*** Supplied information

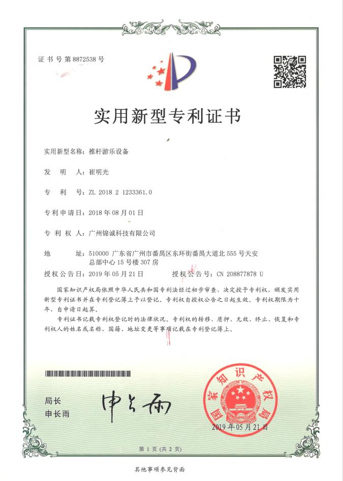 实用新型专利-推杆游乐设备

******
*** Supplied information

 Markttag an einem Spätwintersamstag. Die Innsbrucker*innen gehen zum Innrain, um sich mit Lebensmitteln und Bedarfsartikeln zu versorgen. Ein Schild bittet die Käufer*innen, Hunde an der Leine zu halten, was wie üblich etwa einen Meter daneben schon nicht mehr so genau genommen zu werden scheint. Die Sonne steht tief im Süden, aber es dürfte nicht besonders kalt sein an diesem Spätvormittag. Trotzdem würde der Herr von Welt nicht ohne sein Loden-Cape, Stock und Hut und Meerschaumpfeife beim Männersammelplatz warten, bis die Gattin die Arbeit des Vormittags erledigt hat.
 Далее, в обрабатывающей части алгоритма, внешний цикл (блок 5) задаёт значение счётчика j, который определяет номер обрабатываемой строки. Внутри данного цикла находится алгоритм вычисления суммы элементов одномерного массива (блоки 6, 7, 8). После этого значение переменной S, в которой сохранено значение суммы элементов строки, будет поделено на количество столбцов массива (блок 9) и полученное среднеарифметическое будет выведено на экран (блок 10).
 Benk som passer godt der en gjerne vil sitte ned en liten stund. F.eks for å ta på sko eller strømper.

******
*** Supplied information

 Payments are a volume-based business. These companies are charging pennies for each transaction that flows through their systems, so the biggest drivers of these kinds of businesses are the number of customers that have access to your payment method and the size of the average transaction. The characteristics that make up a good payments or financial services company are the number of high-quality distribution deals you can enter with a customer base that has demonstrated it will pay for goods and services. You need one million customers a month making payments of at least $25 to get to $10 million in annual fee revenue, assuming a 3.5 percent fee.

******

From the material above, retype precisely the lines between the line holding "Markttag an einem" and the line holding "Benk som passer", inclusive, and nothing beyond them.

 Markttag an einem Spätwintersamstag. Die Innsbrucker*innen gehen zum Innrain, um sich mit Lebensmitteln und Bedarfsartikeln zu versorgen. Ein Schild bittet die Käufer*innen, Hunde an der Leine zu halten, was wie üblich etwa einen Meter daneben schon nicht mehr so genau genommen zu werden scheint. Die Sonne steht tief im Süden, aber es dürfte nicht besonders kalt sein an diesem Spätvormittag. Trotzdem würde der Herr von Welt nicht ohne sein Loden-Cape, Stock und Hut und Meerschaumpfeife beim Männersammelplatz warten, bis die Gattin die Arbeit des Vormittags erledigt hat.
 Далее, в обрабатывающей части алгоритма, внешний цикл (блок 5) задаёт значение счётчика j, который определяет номер обрабатываемой строки. Внутри данного цикла находится алгоритм вычисления суммы элементов одномерного массива (блоки 6, 7, 8). После этого значение переменной S, в которой сохранено значение суммы элементов строки, будет поделено на количество столбцов массива (блок 9) и полученное среднеарифметическое будет выведено на экран (блок 10).
 Benk som passer godt der en gjerne vil sitte ned en liten stund. F.eks for å ta på sko eller strømper.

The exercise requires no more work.